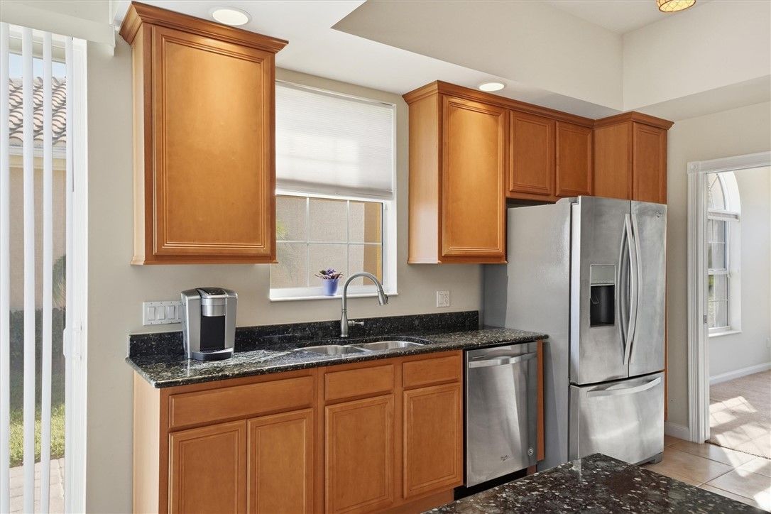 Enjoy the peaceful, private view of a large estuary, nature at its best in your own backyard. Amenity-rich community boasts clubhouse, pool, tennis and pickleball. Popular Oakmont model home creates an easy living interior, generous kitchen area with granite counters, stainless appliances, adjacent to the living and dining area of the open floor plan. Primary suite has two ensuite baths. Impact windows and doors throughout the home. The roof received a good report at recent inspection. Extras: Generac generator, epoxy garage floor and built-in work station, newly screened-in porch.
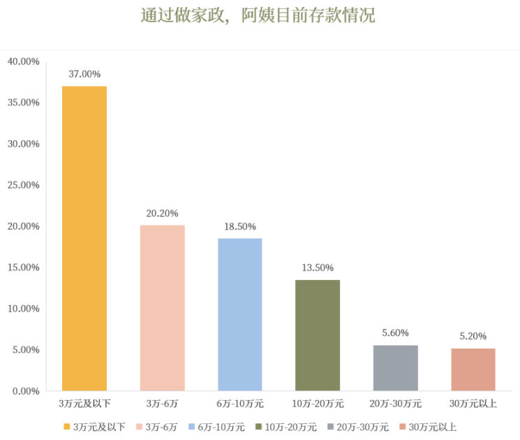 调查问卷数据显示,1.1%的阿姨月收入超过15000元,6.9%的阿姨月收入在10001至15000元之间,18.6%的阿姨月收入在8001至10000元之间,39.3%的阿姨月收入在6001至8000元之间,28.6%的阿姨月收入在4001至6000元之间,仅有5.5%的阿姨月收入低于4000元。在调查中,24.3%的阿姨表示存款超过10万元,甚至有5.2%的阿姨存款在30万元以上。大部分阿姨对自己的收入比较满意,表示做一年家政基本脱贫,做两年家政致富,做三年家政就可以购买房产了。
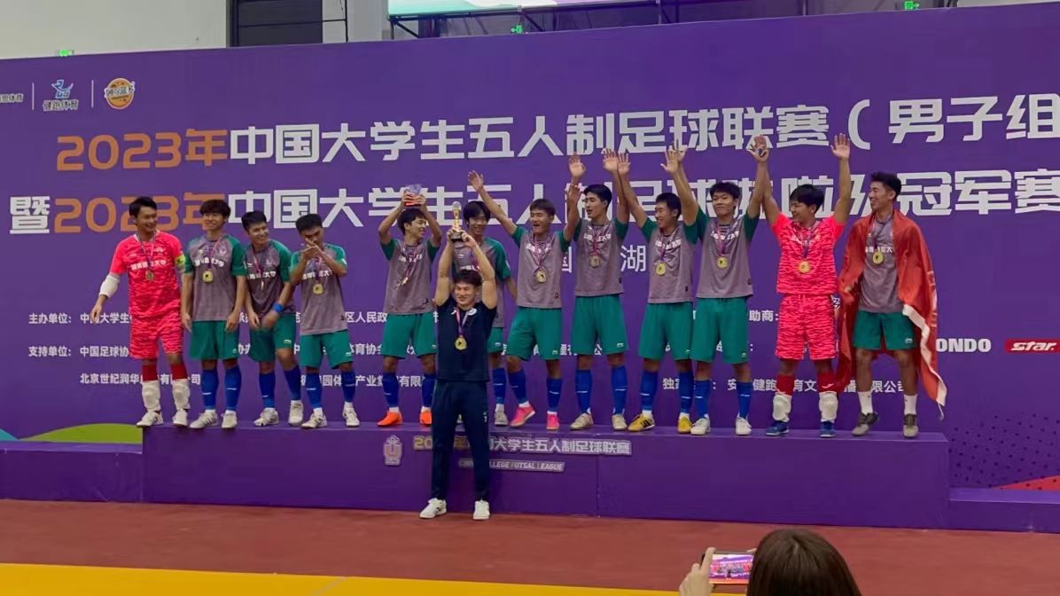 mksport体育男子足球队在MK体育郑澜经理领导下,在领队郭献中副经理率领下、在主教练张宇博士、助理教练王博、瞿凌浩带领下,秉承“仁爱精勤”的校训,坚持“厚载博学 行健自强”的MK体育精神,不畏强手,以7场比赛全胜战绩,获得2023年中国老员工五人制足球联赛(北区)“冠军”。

════════════════════

- _TRY IT_
Please restate word for word each line from the one containing "调查问卷数据显示,1.1%的" to the end of the data above, without the pictures.

- _SOLUTION FOR THIS PROBLEM_
 调查问卷数据显示,1.1%的阿姨月收入超过15000元,6.9%的阿姨月收入在10001至15000元之间,18.6%的阿姨月收入在8001至10000元之间,39.3%的阿姨月收入在6001至8000元之间,28.6%的阿姨月收入在4001至6000元之间,仅有5.5%的阿姨月收入低于4000元。在调查中,24.3%的阿姨表示存款超过10万元,甚至有5.2%的阿姨存款在30万元以上。大部分阿姨对自己的收入比较满意,表示做一年家政基本脱贫,做两年家政致富,做三年家政就可以购买房产了。
 mksport体育男子足球队在MK体育郑澜经理领导下,在领队郭献中副经理率领下、在主教练张宇博士、助理教练王博、瞿凌浩带领下,秉承“仁爱精勤”的校训,坚持“厚载博学 行健自强”的MK体育精神,不畏强手,以7场比赛全胜战绩,获得2023年中国老员工五人制足球联赛(北区)“冠军”。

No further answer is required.